Experiments have shown that people can hear the difference between sources where one is just 0.2dB louder than the other – and a trained mixing engineer can probably do better than that. The effect is one reason why the A&R staff at record labels insist on making masters as loud as possible – a track that sounds louder on the radio will often fare better with audiences.
Less experienced engineers are often tripped up when they make small EQ changes to an instrument. The Fletcher-Munson effect means that the subjective impression of different frequency ranges changes with loudness – it's the reason why 'loudness' buttons on home hi-fis simply turn up the bass and treble. The danger for anyone modifying their home audio system is that they don't carefully balance the levels of the music they use to test the system. It's not good enough to set volume levels by eye as different subsystems can be calibrated differently. The output level used for testing has to be set by ear to the same level for any test to work reliably.
5 It all went downhill since the analogue days
Long before anyone complained about the quality of MP3s, people claimed the playback of CD-standard sources – 16bit'samples at a rate of 44.1kHz – was responsible for a harsh, shallow, sterile sound.
Blind comparisons with master tapes did not reveal any appreciable difference. To engineer Arny Krueger, who helped develop one of the first off-the-shelf A/B/X testing machines, there is a good reason for this: tape has a signal-to-noise ratio of only 13 bits. For vinyl, it drops to approximately 11 bits – and that's for a high-quality pressing.
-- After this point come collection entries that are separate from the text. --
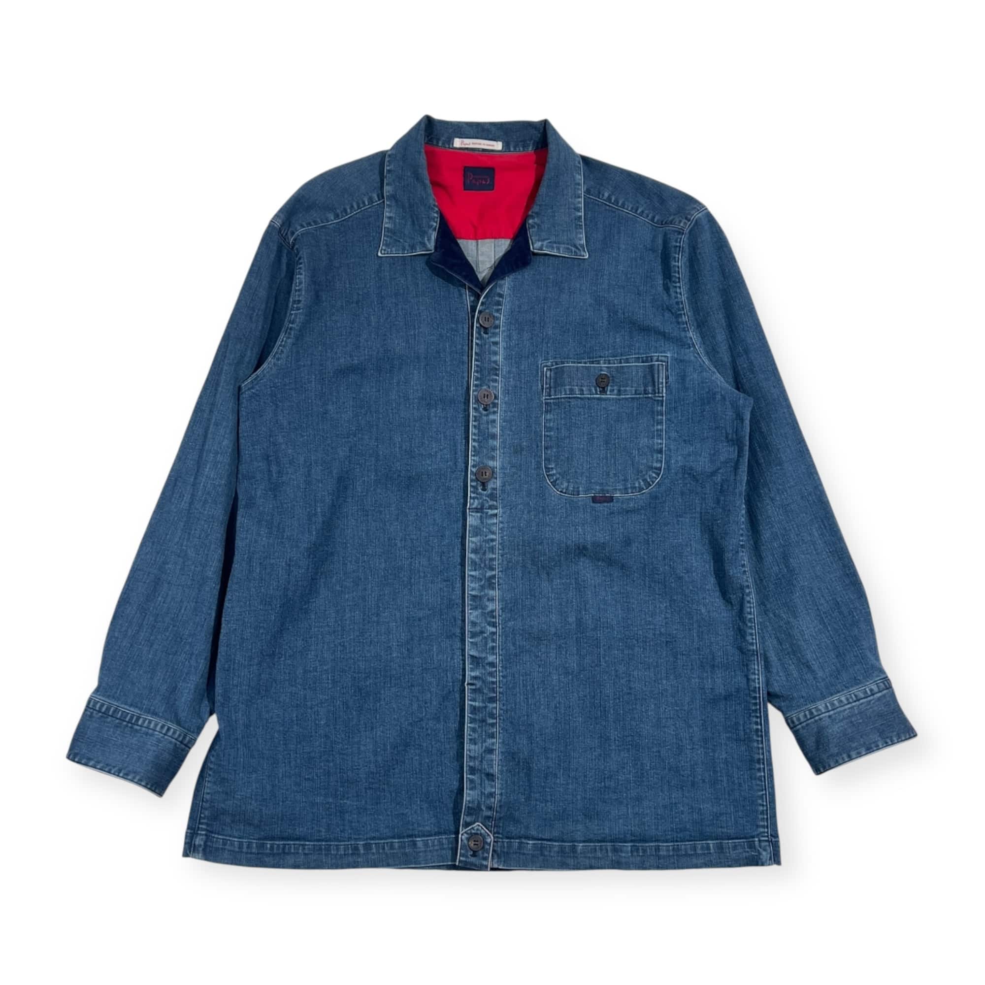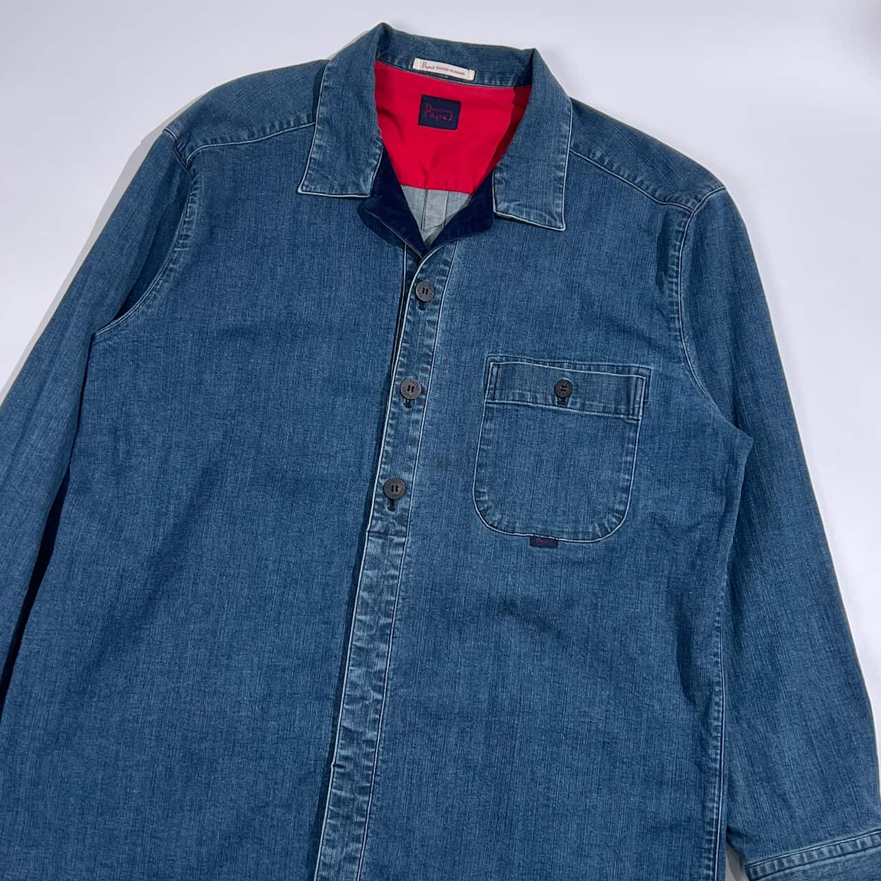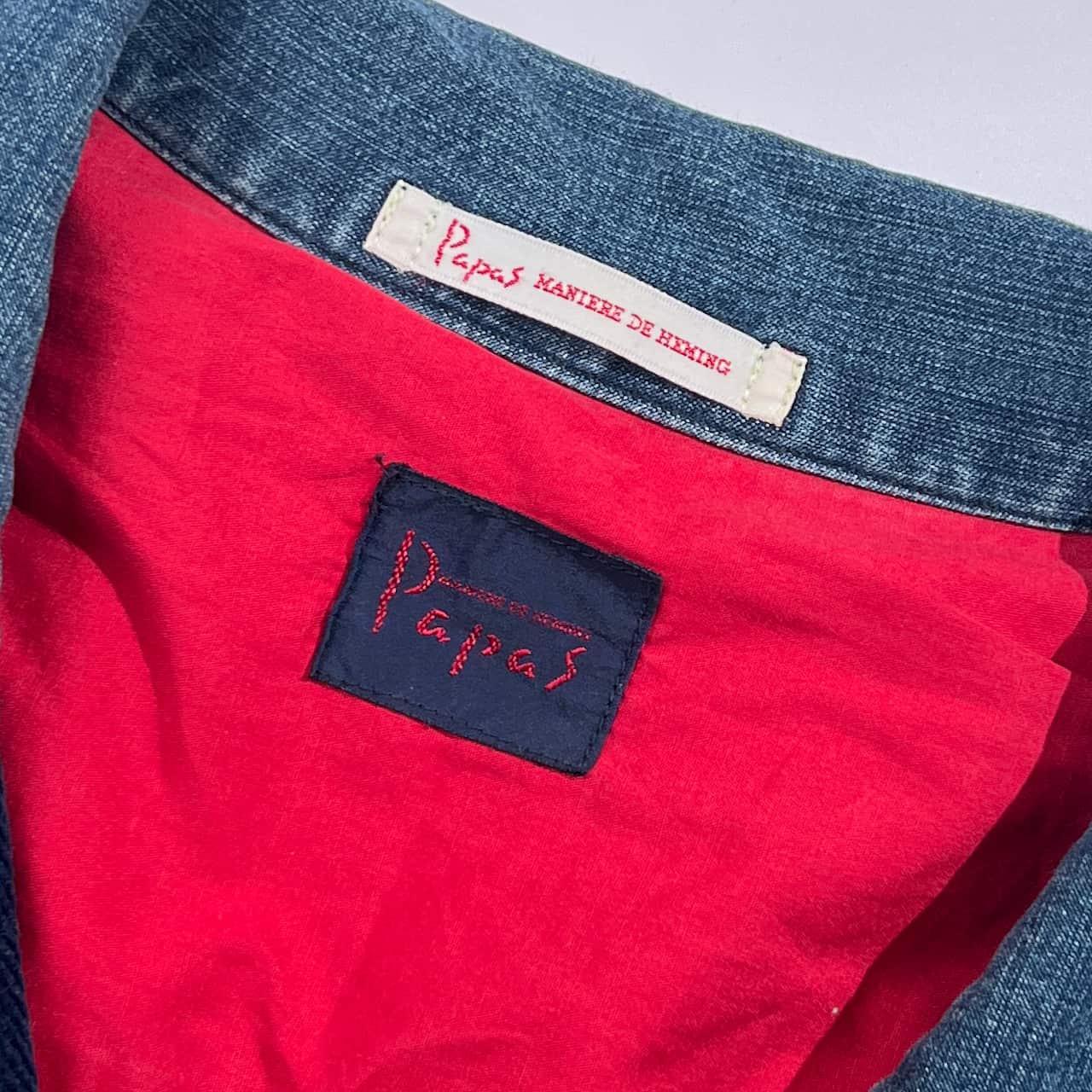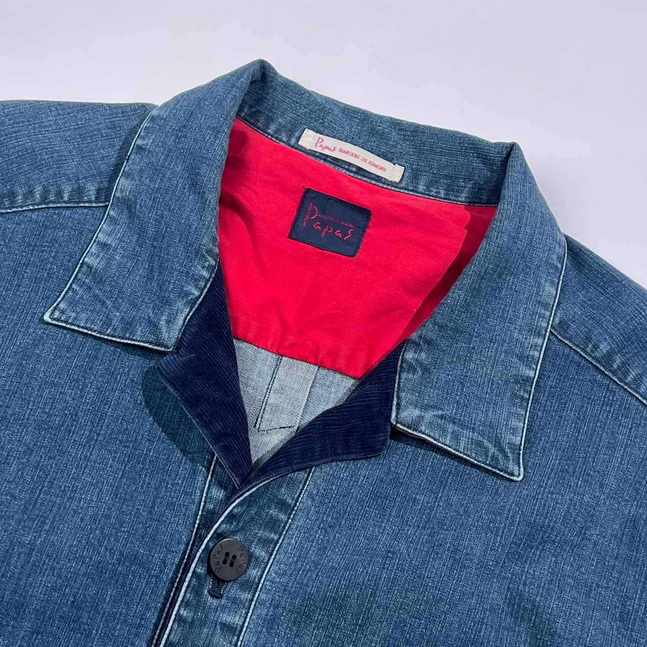 Papas パパス 切替 コーデュロイ シャンブレー デニムシャツ ジャケット L/インディゴ メンズ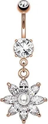 Bauchnabelpiercing Chirurgenstahl Bauch Bauchnabel Piercing Banane Stecker Anhänger mit Blumen Blüte Kristall Perle Rosegold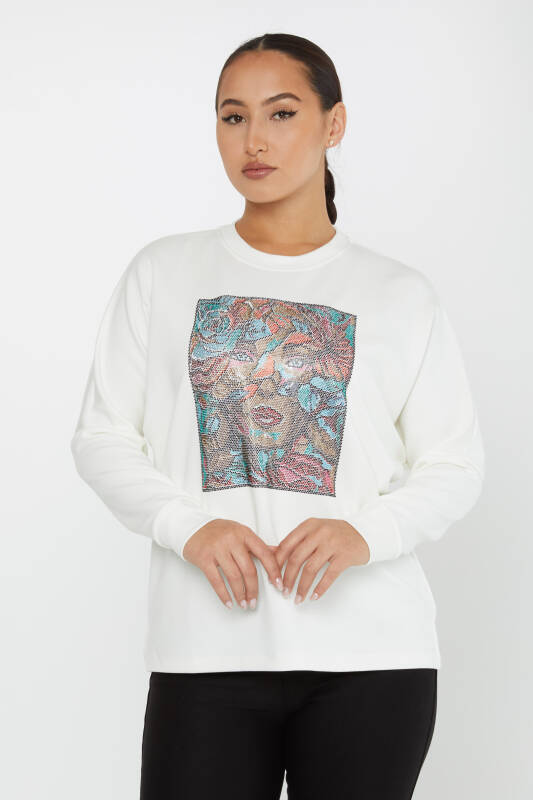 Свитшот женский с рисунком цвета экрю и цветными камнями - 2247 | КАЗИ (набор из 3 шт. L-XL-2XL)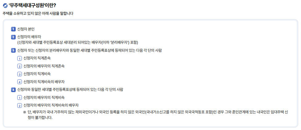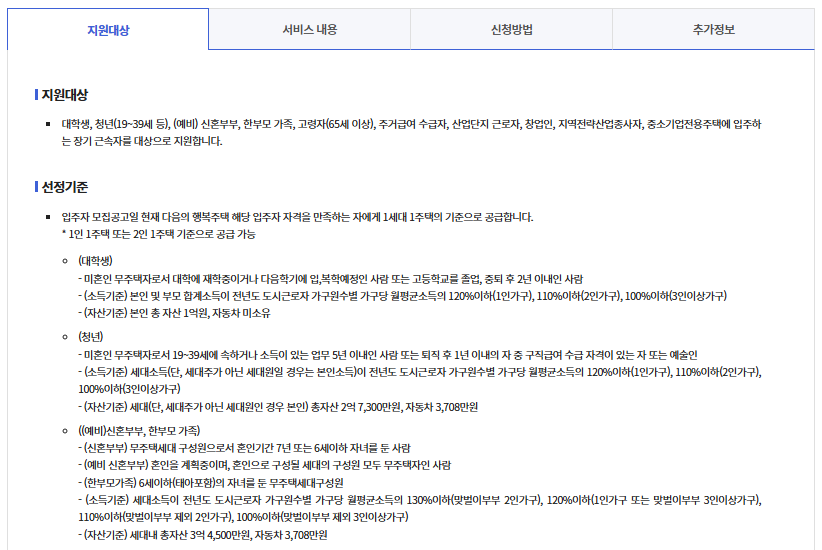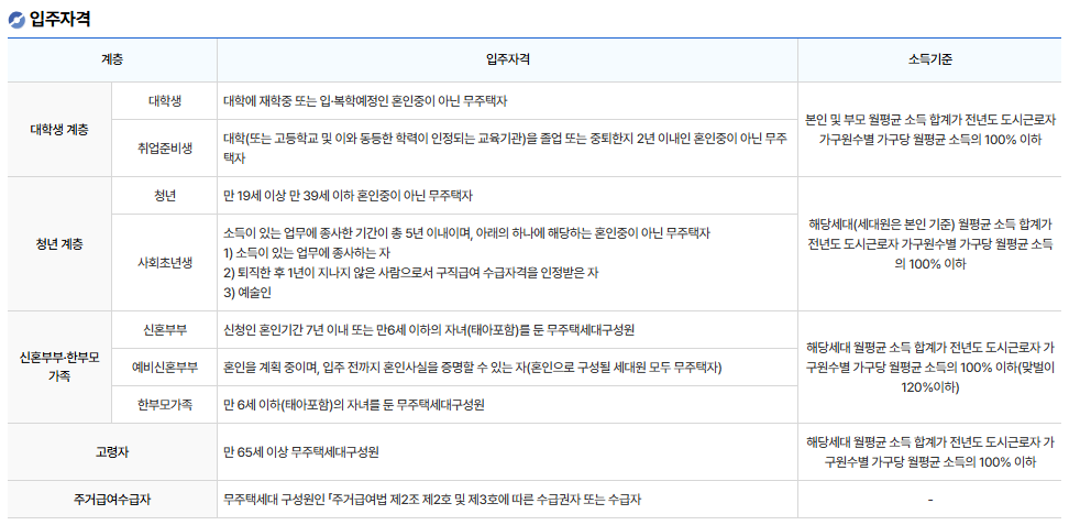 누가 신청할 수 있나요? 대학생, 청년, 신혼부부, 고령자, 주거급여수급자 무주택세대구성원이어야 함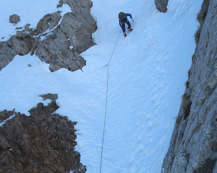 Como material técnico es necesario el casco, arnés, grampones, y piolet, varios anillos de cinta cosida (de 60 y 120cm.Ø ), aparato asegurador-rapelador (para cuerda doble), 1 cordino de 1,5m., 7mm de Ø, 3 mosquetones de seguridad (al menos 1 que sea HMS) y el material de seguridad específico para las avalanchas, ARVA, pala y sonda.

Claims persist that 44.1kHz is not enough,'but it is hard to justify using 96kHz or'192kHz audio when you consider that most adults cannot hear as far as 16kHz. One possibility is that the auditory system is not quite like an A/D converter. Even though the brain cannot hear ultrasonic frequencies it has evolved to spatially locate sounds very well using subtle temporal cues such as the relative delay of a sound as it hits each ear in turn.
In the 1970s, Karolinska Institute-based auditory-system researcher Jan Nordmark claimed differences down to the microsecond level in arrival time provided clues to help localise the sources of sound in space.
A group from the Boston Audio Society focused on the overall impression of high sample-rate music by interposing a CD-quality loop on one side of an A/B/X test. Subjects failed to consistently find a difference.
But comparisons made by Amandine Pras and Catherine Guastavino at McGill University found some people could discriminate between recordings made of instruments at 44.1kHz and 88.2kHz, but only for some orchestral recordings.
The Boston Audio Group members did notice during their study that SACD and DVD-A versions of recording often sounded subjectively better than their CD equivalents. They talked to some of the engineers that took part in the making of the CDs and found as buyers of SACD were more likely to favour audio fidelity, the discs did not exhibit the same dynamic-range compression that is routinely applied to standard CDs. *